Note that our agent will quickly prove “if output = ‘defect’ then utility >= $1”.
Your intuition that it gets deduced before any of the spurious claims like “if output = ‘defect’ then utility ⇐ -$1” is taking advantage of an authoritative payoff matrix that X can’t safely calculate xerself. I’m not sure that this tweaked version is any safer from exploitation...
The one-player game that I wrote out is an example of a NDT agent trying to read off the payoff matrix from the world program, and failing. There are ways to ensure you read off the matrix correctly, but that’s tantamount to what you do to implement CDT, so I’ll explain it in Part II.

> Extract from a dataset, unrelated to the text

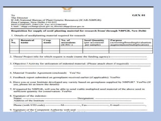 This document discusses germplasm introduction and exchange. It defines germplasm introduction as the transfer of crop plants or genetic resources from one area to another where they have not been cultivated before. The objectives of germplasm introduction include introducing new plant species, high yielding varieties, enriching germplasm collections, and obtaining new sources of biotic and abiotic stress resistance. The document outlines the types, agencies, and steps involved in plant introduction and exchange in India and internationally. It discusses the merits of introducing new germplasm, but also notes some potential demerits such as introducing new weeds, pests, or diseases.

Your intuition that it gets deduced before any of the spurious claims like “if output = ‘defect’ then utility ⇐ -$1” is taking advantage of an authoritative payoff matrix that X can’t safely calculate xerself. I’m not sure that this tweaked version is any safer from exploitation...
Why not? Can’t the payoff matrix be “read off” from the “world program” (assuming X isn’t just ‘given’ the payoff matrix as an argument.)
The one-player game that I wrote out is an example of a NDT agent trying to read off the payoff matrix from the world program, and failing. There are ways to ensure you read off the matrix correctly, but that’s tantamount to what you do to implement CDT, so I’ll explain it in Part II.